*** Opening of RECORDS FOR PROCESSING ***

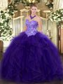 New Style Sweetheart Sleeveless Lace Up Vestidos de Quinceanera Purple Organza
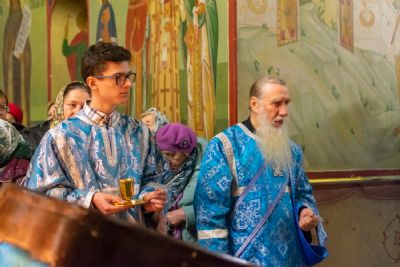 После Литургии прошел крестный ход вокруг храма с кроплением святой водой и чтением Евангелия.
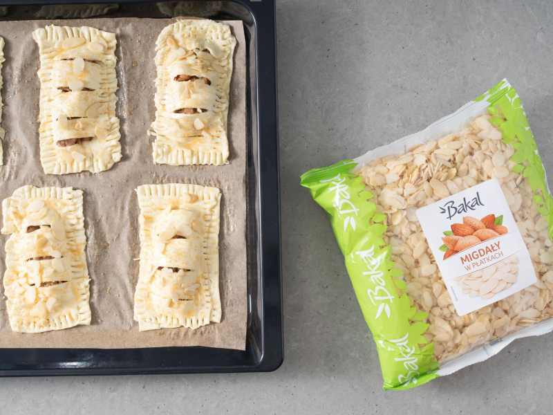 Dodaj jeszcze na wierzch płatki migdałów i wstaw do nagrzanego do 190°C piekarnika. Piecz ciastka przez 22-25 minut.
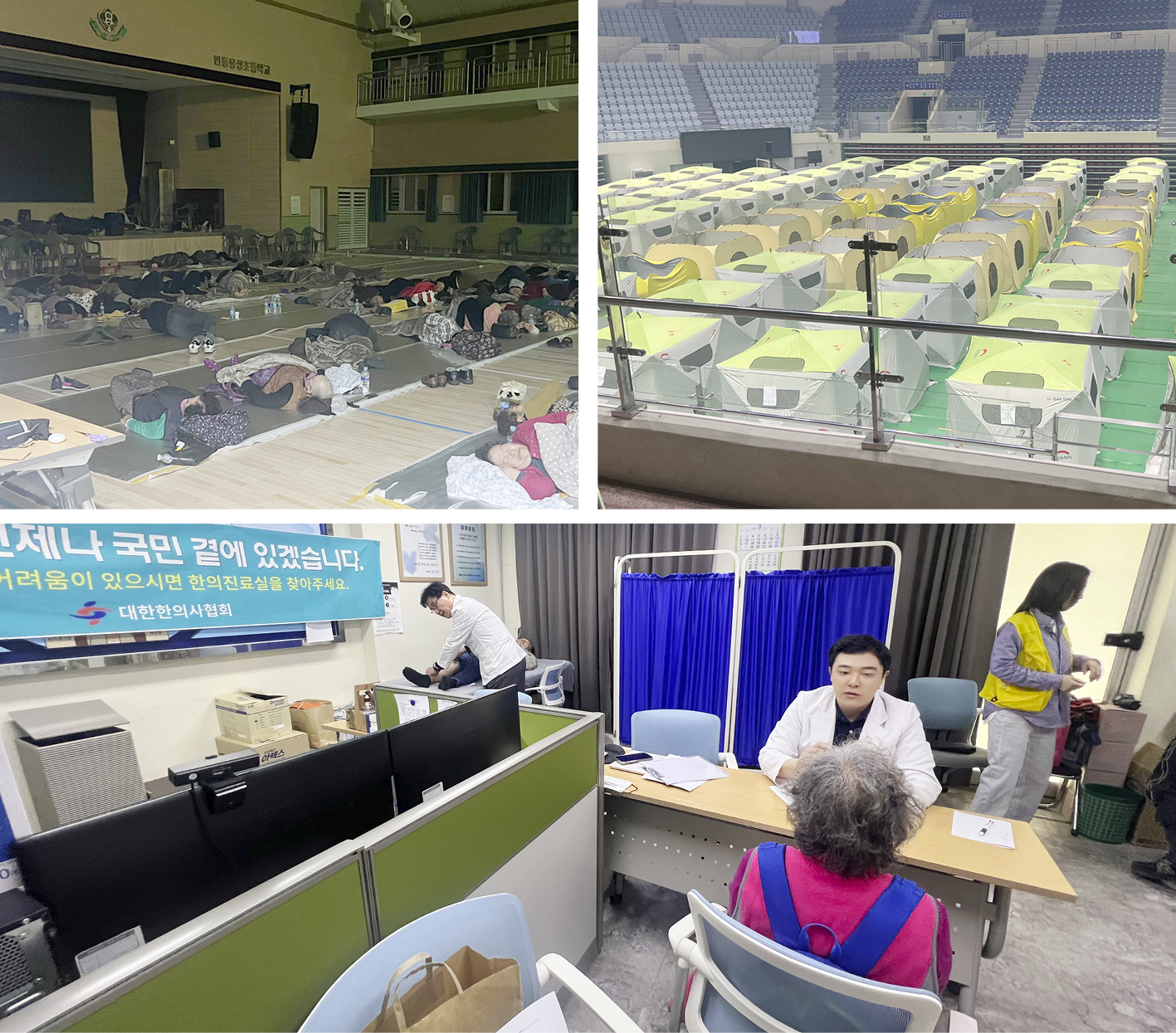 대형 체육관 대피소는 점차 폐쇄되고 있으며, 모텔이나 펜션, 경로당, 마을회관으로 분산 배치된 이재민들을 위해 방문 진료의 비중이 점점 커지고 있습니다. 새로운 형태의 봉사, 새로운 방식의 연대가 만들어지고 있습니다.
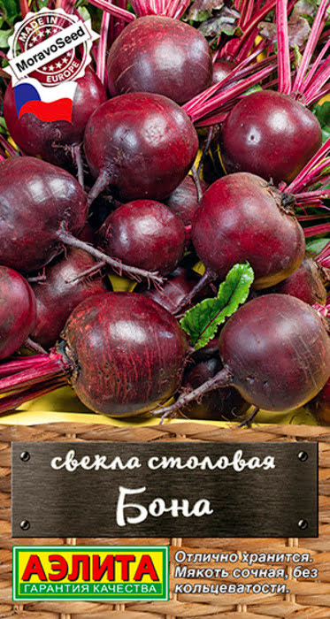 Свекла столовая Бона - это высокопродуктивный сорт свеклы чешской селекции от компании MoravoSeed. Позволяет получить стабильный урожай отличного качества в различных зонах выращивания. Среднеспелый: от появления всходов до созревания проходит не более 120 дней. Корнеплоды округлые и гладкие, средней массой 250-300 г. Мякоть ярко-красная, без кольцеватости, плотная, сочная. Сорт отлично подходит для домашней кулинарии и заготовок. Хорошо хранится, транспортируется, обладает превосходными товарными характеристиками

*** Close of RECORDS FOR PROCESSING ***

### [THE TASK]
Return every entry word for word, but drop any pictures.

### [EXERCISE SOLUTION]
 New Style Sweetheart Sleeveless Lace Up Vestidos de Quinceanera Purple Organza
 После Литургии прошел крестный ход вокруг храма с кроплением святой водой и чтением Евангелия.
 Dodaj jeszcze na wierzch płatki migdałów i wstaw do nagrzanego do 190°C piekarnika. Piecz ciastka przez 22-25 minut.
 대형 체육관 대피소는 점차 폐쇄되고 있으며, 모텔이나 펜션, 경로당, 마을회관으로 분산 배치된 이재민들을 위해 방문 진료의 비중이 점점 커지고 있습니다. 새로운 형태의 봉사, 새로운 방식의 연대가 만들어지고 있습니다.
 Свекла столовая Бона - это высокопродуктивный сорт свеклы чешской селекции от компании MoravoSeed. Позволяет получить стабильный урожай отличного качества в различных зонах выращивания. Среднеспелый: от появления всходов до созревания проходит не более 120 дней. Корнеплоды округлые и гладкие, средней массой 250-300 г. Мякоть ярко-красная, без кольцеватости, плотная, сочная. Сорт отлично подходит для домашней кулинарии и заготовок. Хорошо хранится, транспортируется, обладает превосходными товарными характеристиками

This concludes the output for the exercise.